• **Task brief**: From the line containing "和の風情を残しながらもベッドで快適に眠れる「和洋室」" down to the last line of the material, output each line exactly as it appears, excluding pictures.

• **Data block**:
⁂

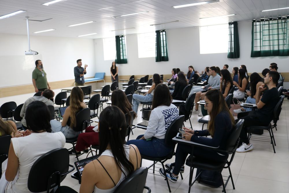 O médico e professor catedrático em Angola, Roberto Lardowyt Ferrer, proferiu uma palestra aos alunos do curso de Medicina da Univás na manhã desta quinta-feira, dia 25 de setembro, na sala 6 da Unidade Central. Ele ministrou uma palestra sobre os aspectos éticos em Angola, mostrando que, na área da medicina, a ética se coloca diante de situações específicas no país onde ele atua.
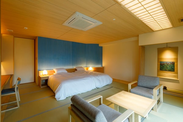 和の風情を残しながらもベッドで快適に眠れる「和洋室」
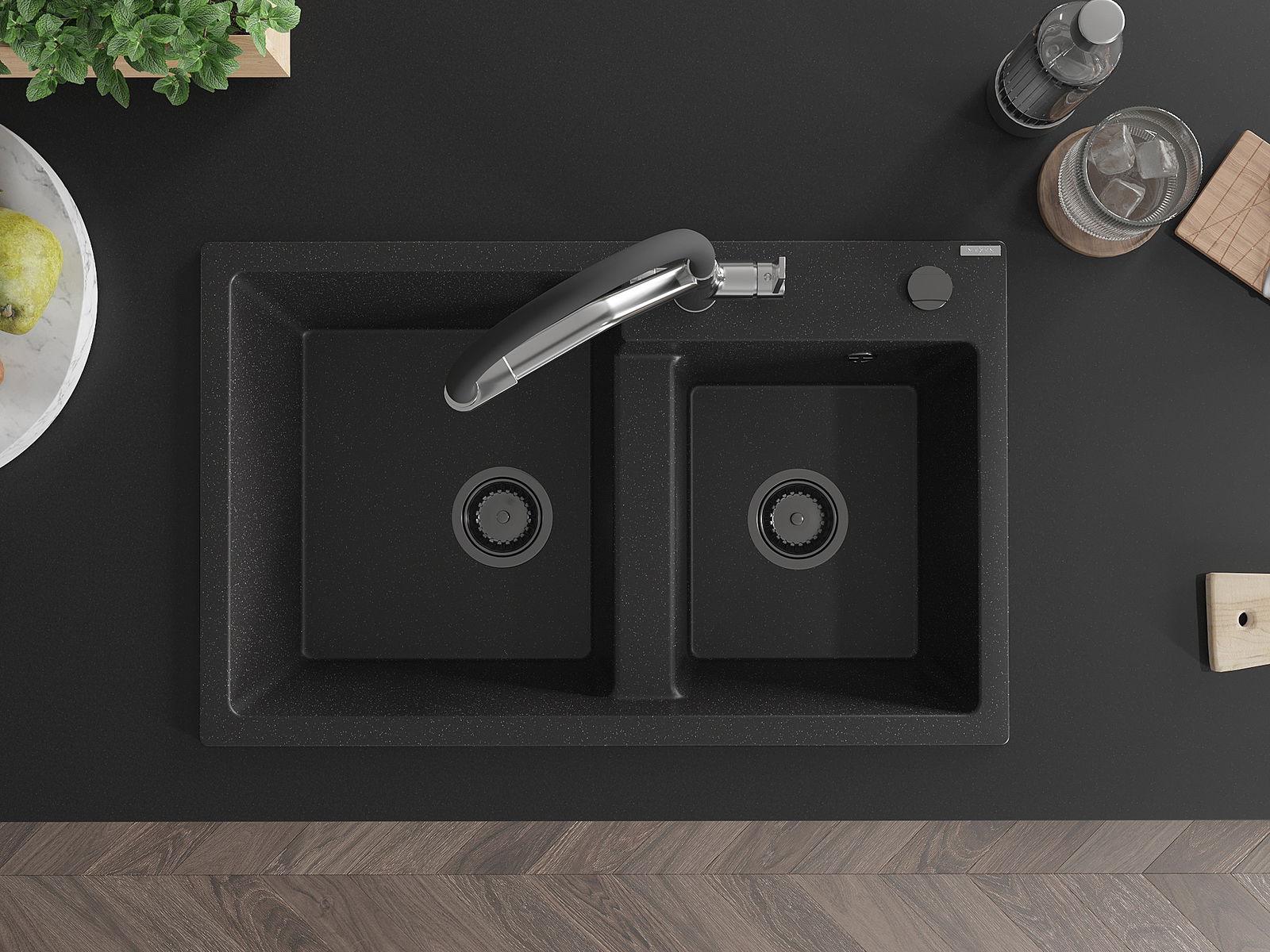 Mexen Tomas Νεροχύτης γρανίτης 2 θάλαμοι με μπαταρία κουζίνας Duo,

⁂

• **Task response**:
 和の風情を残しながらもベッドで快適に眠れる「和洋室」
 Mexen Tomas Νεροχύτης γρανίτης 2 θάλαμοι με μπαταρία κουζίνας Duo,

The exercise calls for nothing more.